Source data:
------------------------------

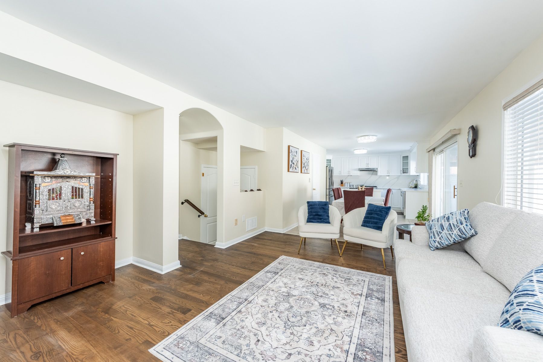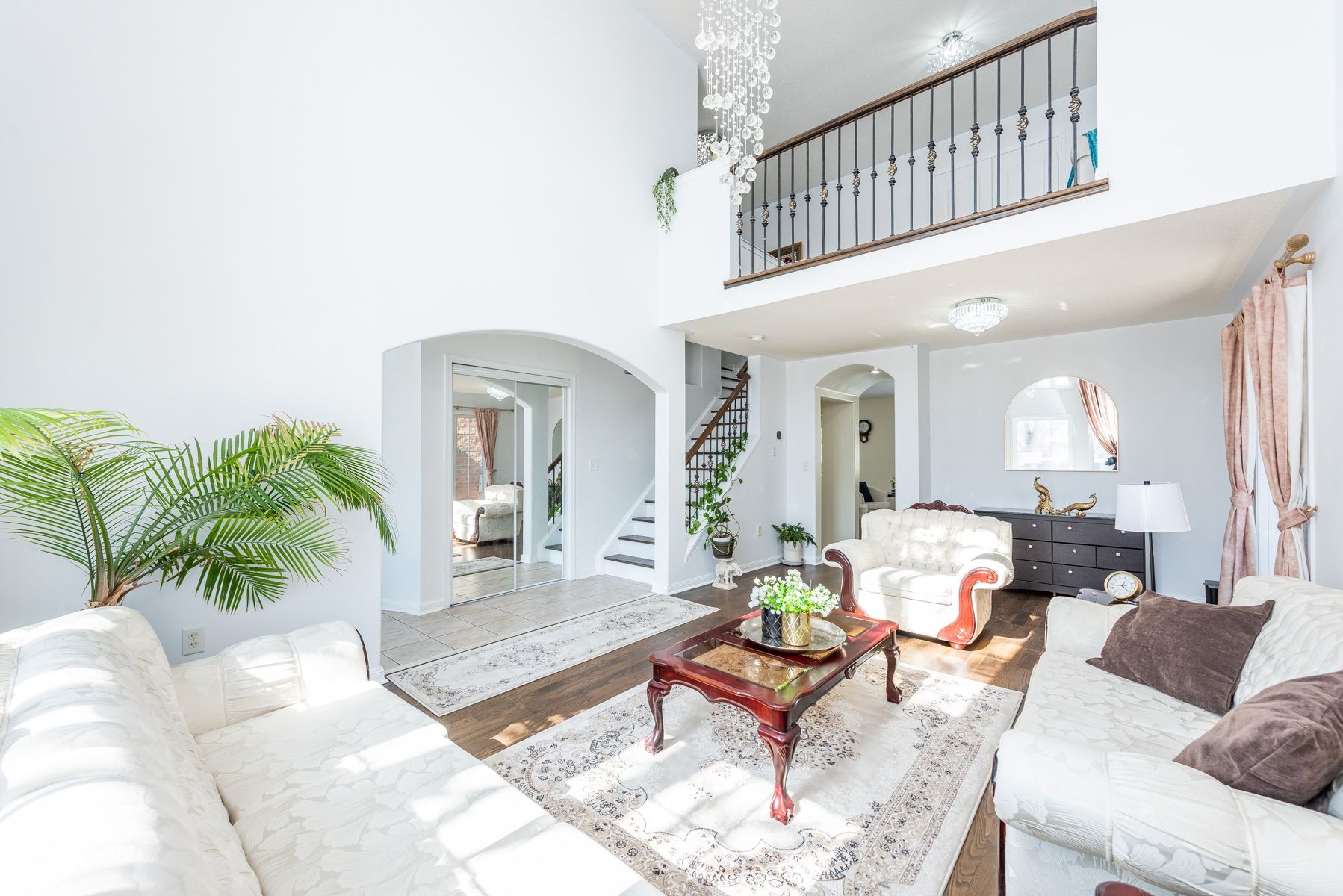 Welcome to this beautifully maintained, carpet-free home offering modern comfort and exceptional space. Featuring a brand new kitchen with quartz countertops, matching backsplash, and new refrigerator, this home blends style with functionality. Boasting two spacious family rooms, it's perfect for both everyday living, entertaining and privacy. The impressive 19-foot ceiling in the living room creates a bright and airy atmosphere, while the elegant romeo & juliet balcony with stylish curtains adds architectural charm and overlooks the main living area. The fully finished basement with a separate entrance offers incredible flexibility - ideal for extended family living. Enjoy the convenience of two laundry areas, making multi-generational living seamless and practical. Step outside to a fully concreted backyard for low maintenance living, complemented by a beautiful garden filled with mature perennial plants, creating a private and inviting outdoor retreat. A rare opportunity combining space, functionality, and style - don't miss out!
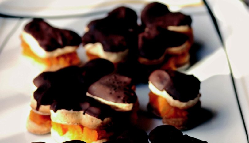 Soğumuş kurabiyelerin bir yüzüne çikolata, çikolatanın da üzerine kabak püresini sürün. Püreli kurabiyenin üzerini başka bir kurabiye ile kapatın. Bu işlemi kurabiyeler bitene dek tekrarlayın.
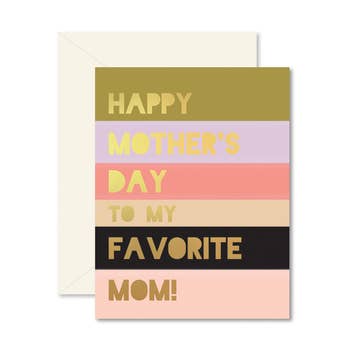 A petite note that is as cute as can be! Mom - Gold foil printed on blush paper. We print all greeting cards at our in-house print shop on traditional letterpress machinery. Folded card with blank interior and foil-stamped sleeve. Please note this card cannot be sent through USPS, it is best hand-delivered or attached to a gift. Designed and Printed in the USA.

------------------------------

Description of the task: Images stay out, but the rest of the data above must be repeated exactly.

Response area:
 Welcome to this beautifully maintained, carpet-free home offering modern comfort and exceptional space. Featuring a brand new kitchen with quartz countertops, matching backsplash, and new refrigerator, this home blends style with functionality. Boasting two spacious family rooms, it's perfect for both everyday living, entertaining and privacy. The impressive 19-foot ceiling in the living room creates a bright and airy atmosphere, while the elegant romeo & juliet balcony with stylish curtains adds architectural charm and overlooks the main living area. The fully finished basement with a separate entrance offers incredible flexibility - ideal for extended family living. Enjoy the convenience of two laundry areas, making multi-generational living seamless and practical. Step outside to a fully concreted backyard for low maintenance living, complemented by a beautiful garden filled with mature perennial plants, creating a private and inviting outdoor retreat. A rare opportunity combining space, functionality, and style - don't miss out!
 Soğumuş kurabiyelerin bir yüzüne çikolata, çikolatanın da üzerine kabak püresini sürün. Püreli kurabiyenin üzerini başka bir kurabiye ile kapatın. Bu işlemi kurabiyeler bitene dek tekrarlayın.
 A petite note that is as cute as can be! Mom - Gold foil printed on blush paper. We print all greeting cards at our in-house print shop on traditional letterpress machinery. Folded card with blank interior and foil-stamped sleeve. Please note this card cannot be sent through USPS, it is best hand-delivered or attached to a gift. Designed and Printed in the USA.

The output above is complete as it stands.